Big Data refers to massive amounts (or high-volume) of varied types of data that cannot be processed using traditional software tools or relational databases, like spreadsheets and SQL tables. “High volume” usually means terabytes and petabytes (a terabyte is one thousand gigabytes). Today we are at a point where we have sensors that collect all sorts of information about the environment around us: from temperature, location, atmospheric pressure to weather conditions and even traffic jams. We also use our digital devices throughout the day, both at home, school, or work and on the go, collecting location data wherever we are.
All this information together is becoming increasingly available for processing using new technologies. These technologies are being developed to analyze Big Data with SQL-like languages such as Hive, Pig, Cascading, or Apache Spark. To store large amounts of data, filtering, sorting, and visualizing them becomes necessary. NoSQL databases have gained popularity because they can manage these vast data sets without worrying about consistency issues that traditional relational database management systems (RDBMS) would need to consider when faced with similar problems.
What is Big Data?
Big data describes huge data sets that may be analyzed computationally to reveal patterns, trends, and associations, especially human behavior and interactions. It refers to the three V’s: velocity, volume, and variety. Velocity means that data is available in real-time, which makes it relevant for immediate action or response. Volume refers to the sheer amount of it all. Big Data can be classified into two further categories: structured and unstructured data. Structured data consists of things like tables, columns, and rows. Unstructured data consists of documents from word processing programs without a formal structure defined in their content.

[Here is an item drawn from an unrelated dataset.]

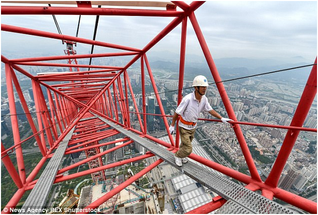 在地面建筑還沒有起來的時候,塔吊司機需要通過塔吊標準節(jié)內部的樓梯上上下下。在地上主體形成后,塔吊司機可以搭乘到樓層后,再爬到駕駛室里。
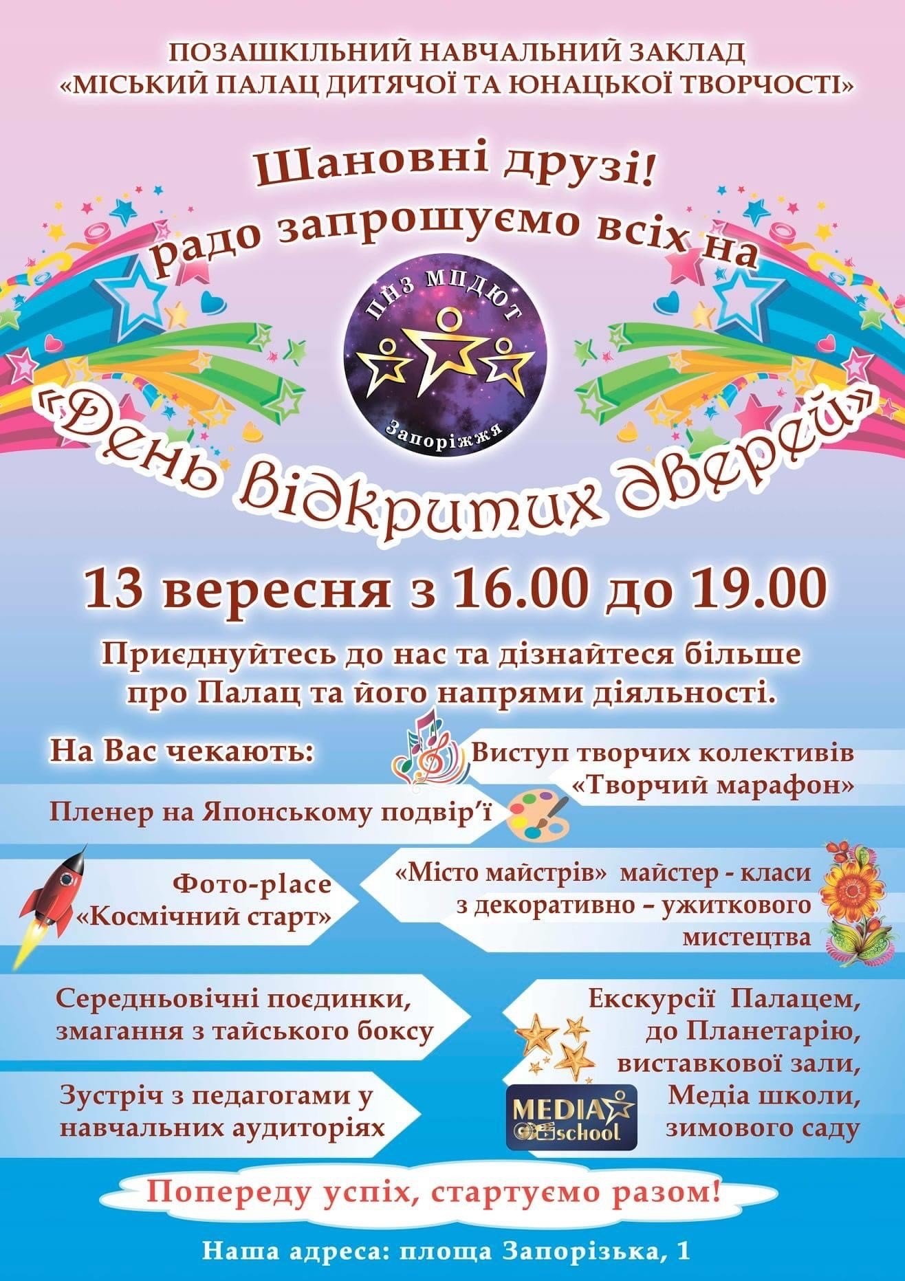 День відкритих дверей у Міському Палаці дитячої та юнацької творчості відбудеться 13 вересня з 16 до 19 години. У цей час на вас чекають майстер-класи, концерт творчих колективів МПДЮТ, екскурсії по Палацу та знайомством з кращими викладачами з позашкільної освіти. Ви зможете вибрати гурток для своєї дитини, записати її та отримати максимум інформації про роботу Палацу.

The first approach to dealing with Big Data was focusing on processing rather than storage, but now the two are intertwined. Even though it is technically possible to store all kinds of information nowadays, there are still actual costs associated with this unrestricted storage strategy. One alternative would be to prolong collecting data and storing it (think about how video can be streamed online). Another way around this problem is thinking about Big Data in terms of computation instead of storage.
Sensors for gathering environmental information like heat maps (example below) help businesses increase efficiency by understanding how people interact with their environment (see example context ).
Big Data also refers to the three V’s: Velocity, Variety, and Volume. Velocity means that data is available in real-time, which makes it relevant for immediate action or response. Variety refers to the different types of data collected (including text, image, video, etc.), while volume refers to the sheer amount of it all. Big Data can be classified into two further categories: structured and unstructured data. Structured data is what we typically think about when dealing with databases: tables, columns, and rows.
Unstructured data
Unstructured data consists of documents from word processing programs without a formal structure defined in their content. In addition to these classifications, scientists have developed a new one called semi-structured data, which allows for both kinds of classification. The third definition only deals with the volume aspect and might be classified as microdata or small volume data.
How to deal with big data
The first approach to dealing with Big Data was focusing on processing rather than storage, but now the two are intertwined. Even though it is technically possible to store all kinds of information nowadays, there are still actual costs associated with this unrestricted storage strategy. One alternative would be to prolong the time between collecting and storing data (think about how video can be streamed online). Another way around this problem is thinking about Big Data in terms of computation instead of storage.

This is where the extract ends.